I recently learned that an old
acquaintance died — was killed, in fact. No, tortured to
death, actually.
It was a threatened desert tortoise I
knew in Yucca Valley, Calif., near Joshua Tree National Park. Its
home was the scrub and rocks near a former neighbor’s rural
home, and it would trek to her doorway every spring to search for
water and lettuce handouts.
My first year there, the
neighbor called to say her visitor was back, and I went down for a
look. I was stunned by the grandeur of its ponderous movements.
Every step suggested determination, and the leathery swing of its
beaked head hinted at ancient knowledge.
This spring, the
tortoise was met on its return by a pack of loose dogs. The
neighbor was out of town. When she returned, she found her yearly
visitor an upended shell, its limbs torn from body cavities by
marauding mutts.
The dogs were drawn to her house in
search of her own dog, one of their running companions. Like a lot
of rural residents, my old neighbors let their dogs run loose. And
why not? It is a neighborhood of large parcels and dirt roads,
without fences or traffic.
But loose dogs are among the
plagues that follow our sprawl into rural places, and fragile
habitats cannot withstand them.
Domestic dogs become
blithering idiots when allowed to run loose. Transplanted to a
rural area, the family dog is on the lam from years of backyard
confinement. It drinks in the wild landscape like a deckhand on
shore leave. Too many dog owners think their subsidized predator is
cute. But the threat is so great that the Desert Managers Group, a
panel of government officials in the Mojave, is studying the feral
dog problem.
I took some pictures of the tortoise I met
that day, and now they haunt me. The hard truth is that my own dog,
Molly, might have been among the killers.
Molly was a
stray. My wife and I took her in after seeing her running loose in
the area for weeks, wild-eyed and half starved. She may have been
abandoned. It’s also possible she was born to a feral pack.
Much of her behavior is not dog-like.
She bucked like a
wild bronco the first few times we leashed her. And she was utterly
unaccustomed to verbal commands, relying more on body language than
most dogs. She only became house-trained, for instance, after I
began an evening routine of demonstrating the correct habits
myself, out in the gravel driveway under the stars.
Molly
was content to stay near home those first months of her
domestication. Then she began to spend more time running with our
neighbors’ dogs. She’d be gone for hours, sometimes all
day. Finally, we faced a choice: Do we let the wanderlust prevail,
or do we force her to stay home?
We chose the latter, and
Molly basically stayed indoors unless we were outside, watching.
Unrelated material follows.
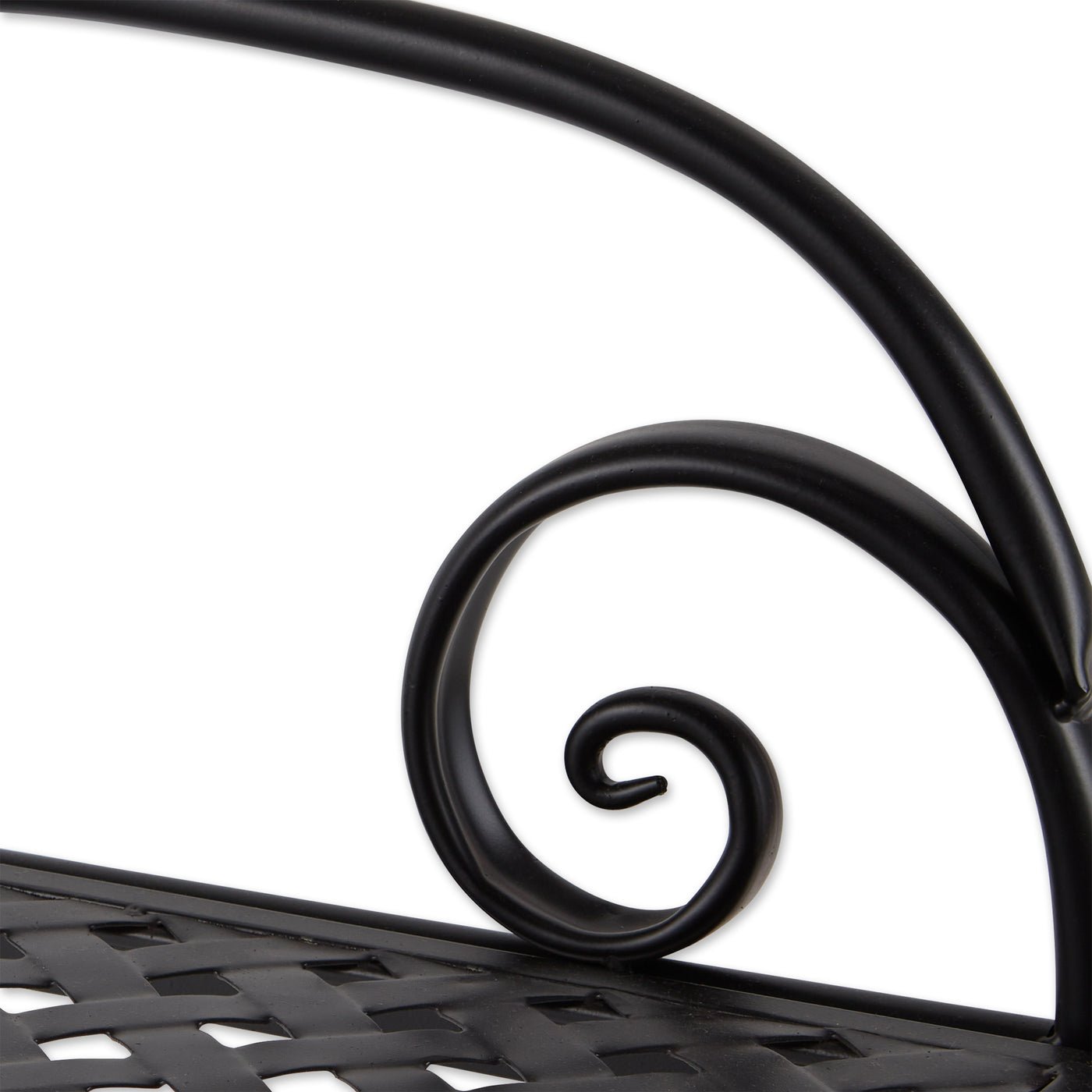 • Enjoy this decorative iron bench detailed with hanging apples. Place in a shady spot under a tree or along a garden path for a place to relax and enjoy nature. Sit side by side with a friend, sipping tea on a beautiful summer day. This bench is perfect if your outdoor entertaining space requires additional seating, place on a deck or patio and add cushions if needed.

Even so, she would often slip away if I was distracted while
patching the roof or digging a hole. The pull of the pack was
strong.
Wildlife killing by dogs is especially tragic,
because it’s not a biological mystery. It’s not even a
reasonable predator-prey relationship. The cause is carelessness.
Many dog owners think Fido is just off “having fun with friends”
when they let their pet roam loose.
On the urban edge, it
turns out, dogs may do more harm to tortoises than coyotes and
foxes, according to Kristin Berry, a tortoise expert with the U.S.
Geological Survey. In some areas, tortoise numbers have plunged to
just 10 percent of their size in the early 1990s.
“One of
our hypotheses is that dogs inflict more damage to the shell and
limbs of tortoises than wild canids because they are involved in
play and chewing rather than in eating,” Berry recently told the
L.A. Daily News. “In contrast, the wild canids are interested in
the tortoise for food and will kill it and eat it rather than chew
on it and then leave it.”
We now live in the city, and, I
confess, we let Molly chase tree squirrels during our walks along
the river. I figure that’s OK, because Molly is now under
voice control, and she can’t climb trees. The squirrels stay
just out of reach, flicking their tails, taunting her.
That’s a relationship we can live with.